Data listing >>
-------
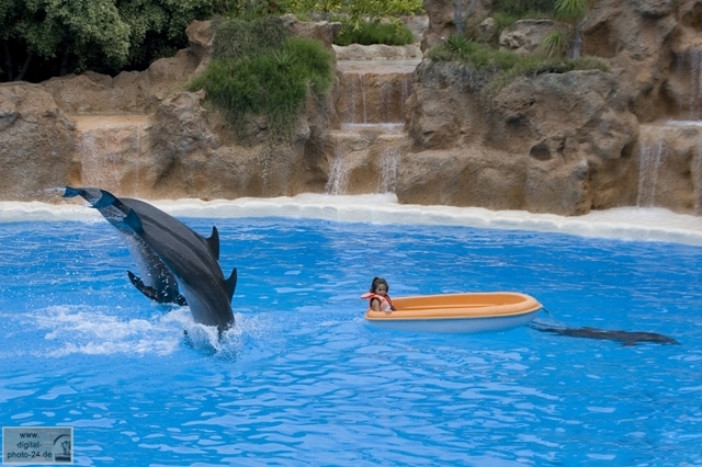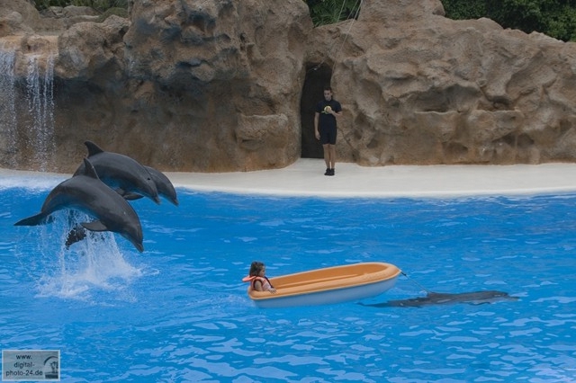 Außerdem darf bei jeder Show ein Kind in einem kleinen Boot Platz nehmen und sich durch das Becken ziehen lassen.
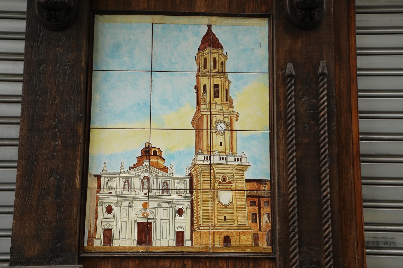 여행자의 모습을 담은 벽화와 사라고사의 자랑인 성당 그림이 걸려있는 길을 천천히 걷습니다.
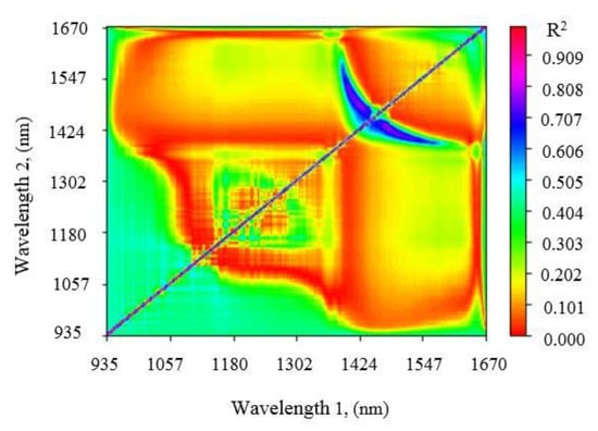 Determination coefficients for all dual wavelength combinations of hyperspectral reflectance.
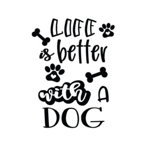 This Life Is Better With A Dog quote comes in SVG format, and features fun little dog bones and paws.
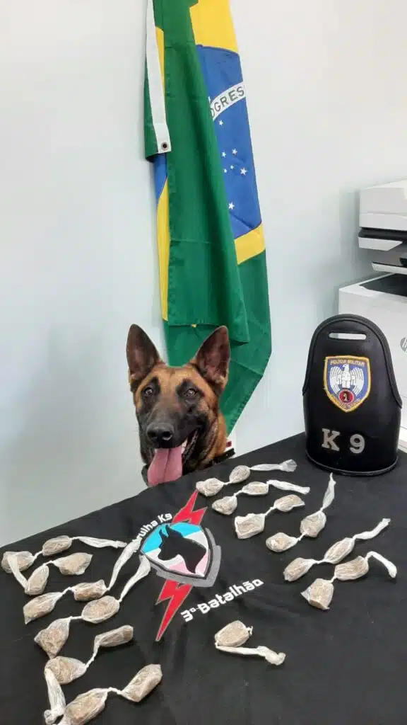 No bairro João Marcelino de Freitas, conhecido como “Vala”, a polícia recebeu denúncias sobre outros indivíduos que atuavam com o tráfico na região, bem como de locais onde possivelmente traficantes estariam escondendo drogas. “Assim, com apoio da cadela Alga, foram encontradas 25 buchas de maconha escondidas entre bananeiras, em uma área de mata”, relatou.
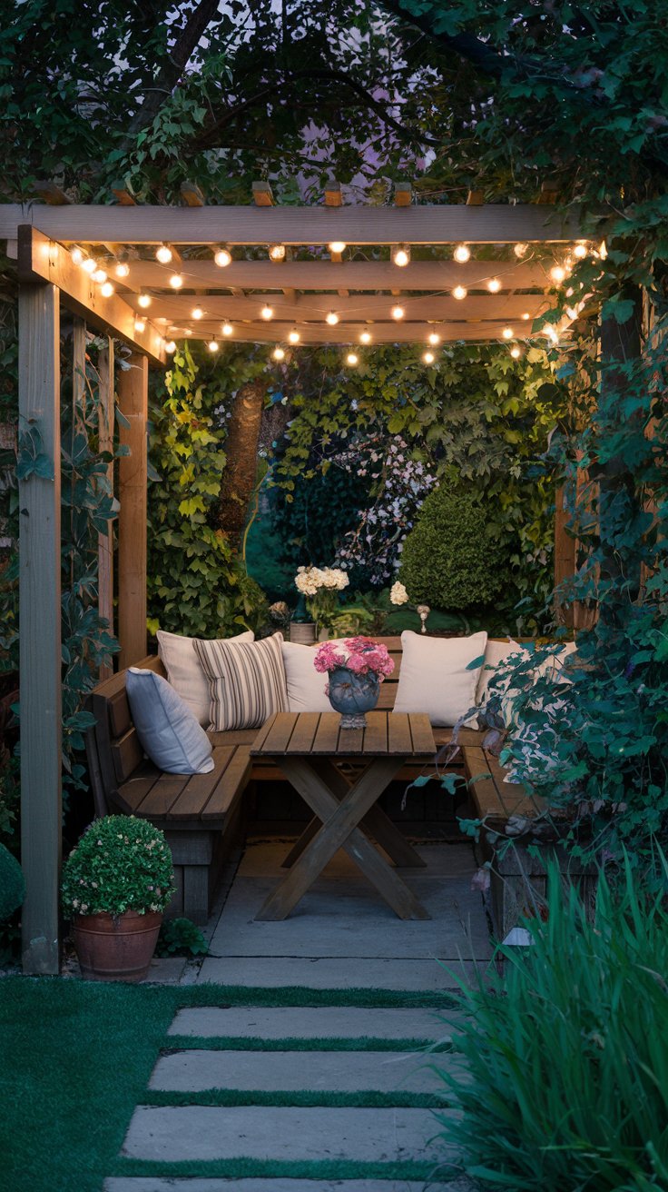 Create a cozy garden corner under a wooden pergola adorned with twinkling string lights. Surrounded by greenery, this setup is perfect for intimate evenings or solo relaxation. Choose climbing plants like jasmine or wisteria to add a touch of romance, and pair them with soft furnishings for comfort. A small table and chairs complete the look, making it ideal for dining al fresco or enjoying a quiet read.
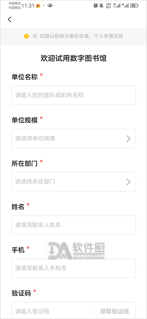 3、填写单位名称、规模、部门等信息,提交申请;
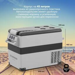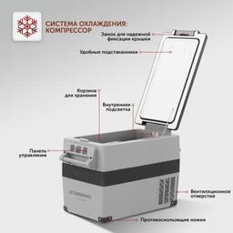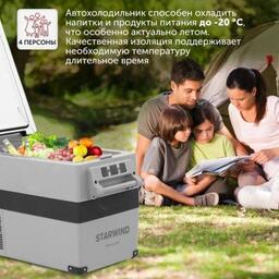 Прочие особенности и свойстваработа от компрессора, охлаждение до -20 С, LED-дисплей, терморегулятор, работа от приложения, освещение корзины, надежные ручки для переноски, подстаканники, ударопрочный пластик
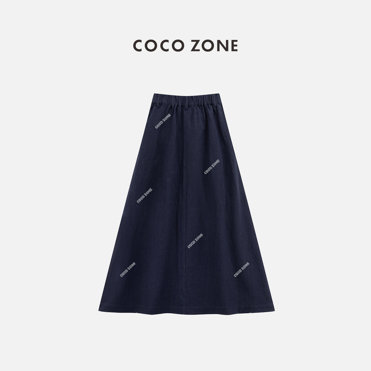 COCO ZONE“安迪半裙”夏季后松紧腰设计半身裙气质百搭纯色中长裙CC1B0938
-------
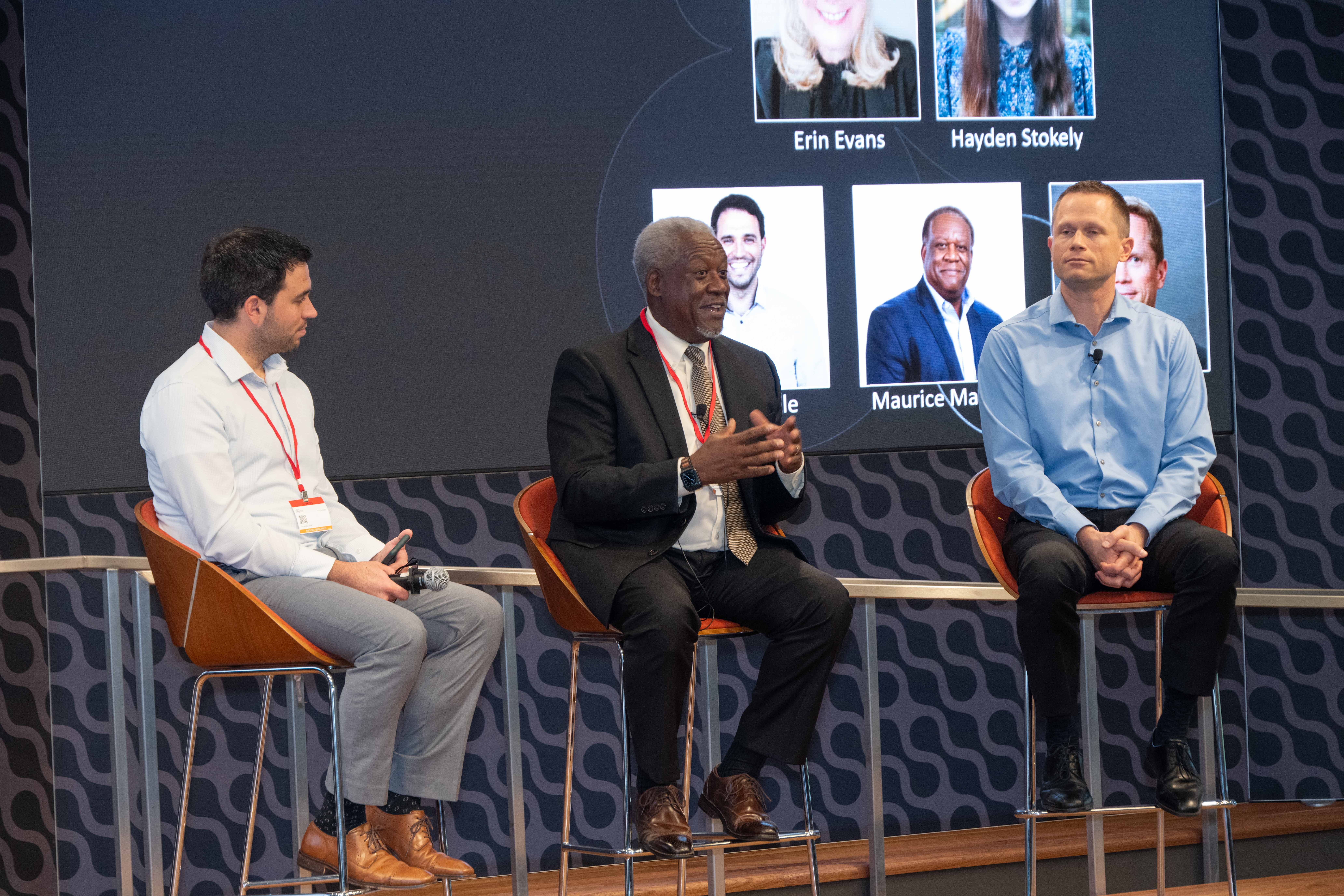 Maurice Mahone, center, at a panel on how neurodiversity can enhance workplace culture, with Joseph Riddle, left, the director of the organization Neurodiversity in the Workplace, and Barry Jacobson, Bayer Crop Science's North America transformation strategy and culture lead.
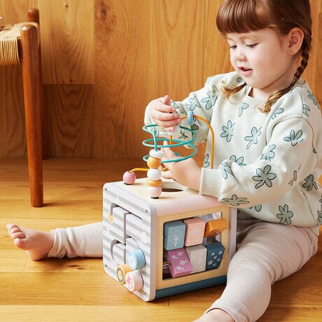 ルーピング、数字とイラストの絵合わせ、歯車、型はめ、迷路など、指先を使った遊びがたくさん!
-------
What is being asked >> Though the entries above contain pictures, none should be copied; reproduce only the lines between the one holding "Außerdem darf bei" and the one holding "No bairro João", inclusive, exactly as written.

Response for this exercise >>
 Außerdem darf bei jeder Show ein Kind in einem kleinen Boot Platz nehmen und sich durch das Becken ziehen lassen.
 여행자의 모습을 담은 벽화와 사라고사의 자랑인 성당 그림이 걸려있는 길을 천천히 걷습니다.
 Determination coefficients for all dual wavelength combinations of hyperspectral reflectance.
 This Life Is Better With A Dog quote comes in SVG format, and features fun little dog bones and paws.
 No bairro João Marcelino de Freitas, conhecido como “Vala”, a polícia recebeu denúncias sobre outros indivíduos que atuavam com o tráfico na região, bem como de locais onde possivelmente traficantes estariam escondendo drogas. “Assim, com apoio da cadela Alga, foram encontradas 25 buchas de maconha escondidas entre bananeiras, em uma área de mata”, relatou.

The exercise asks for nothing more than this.